Python list comprehension nested loop

Question

Right now I'm "removing" emails from a list by mapping a new list excluding the things I don't want. This looked like:

    pattern = re.compile('b\.com')

    emails = ['user@a.com', 'user@b.com', 'user@c.com', 'user@d.com']
    emails = [e for e in emails if pattern.search(e) == None]
    # resulting list:  ['user@a.com', 'user@c.com']

However, now I need to filter out multiple domains, so I have a list of domains that need to be filtered out.

    pattern_list = ['b.com', 'c.com']

Is there a way to do this still in list comprehension form or am I going to have to revert back to nested for loops?

Note: splitting the string at the @ and doing word[1] in pattern_list won't work because c.com needs to catch sub.c.com as well.

Answer 1

There are a few ways to do this, even without using a regex.
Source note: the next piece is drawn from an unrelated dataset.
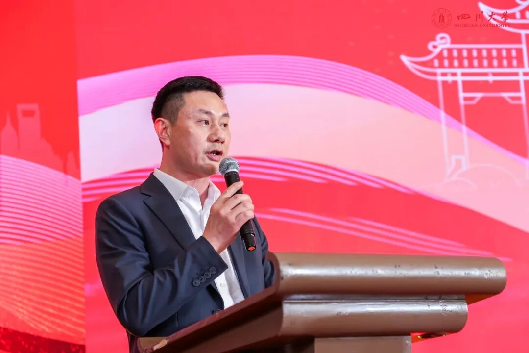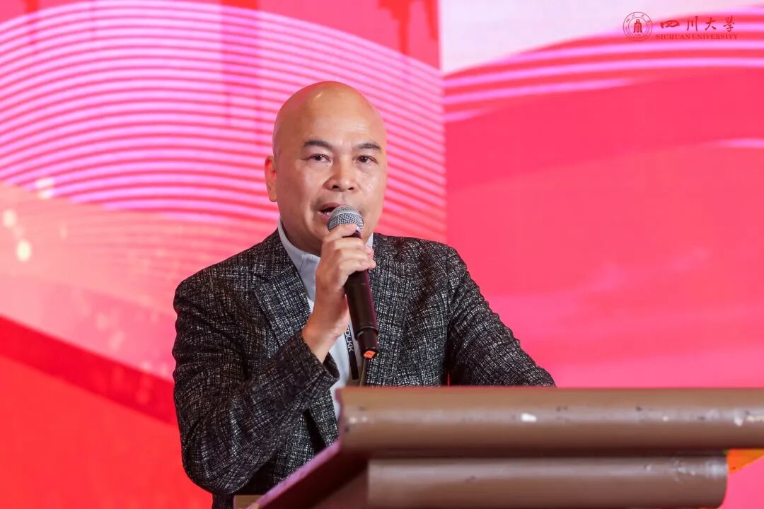 嘉宾致辞环节温情与期许交织。四川大学广州校友会会长张春旺发表致辞并作校友会工作报告,系统回顾了校友会二十年来“凝聚校友、服务母校、共促发展”的奋斗历程与丰硕成果。他表示,未来将继续凝聚校友力量,搭建更广阔的交流平台,让川大精神在南粤大地薪火相传。

One is:

[e for e in emails if not any(pat in e for pat in pattern_list)]

This will also exclude emails like user@crumb.com and bob.com@bob.com, but so does your original solution. It does not, however, exclude cases like user@bocom, which your existing solution does. Again, it's not clear if your existing solution actually does what you think it does.

Another possibility is to combine your patterns into one with rx = '|'.join(pattern_list) and then match on that regex. Again, though, you'll need to use a more complex regex if you want to only match b.com as a full domain (not as just part of the domain or as part of the username).

Answer 2

import re

pattern = re.compile('b.com$|c.com$')

emails = ['user@a.com', 'user@b.com', 'user@c.com', 'user@d.com']

emails = [e for e in emails if pattern.search(e) == None]

print emails

what about this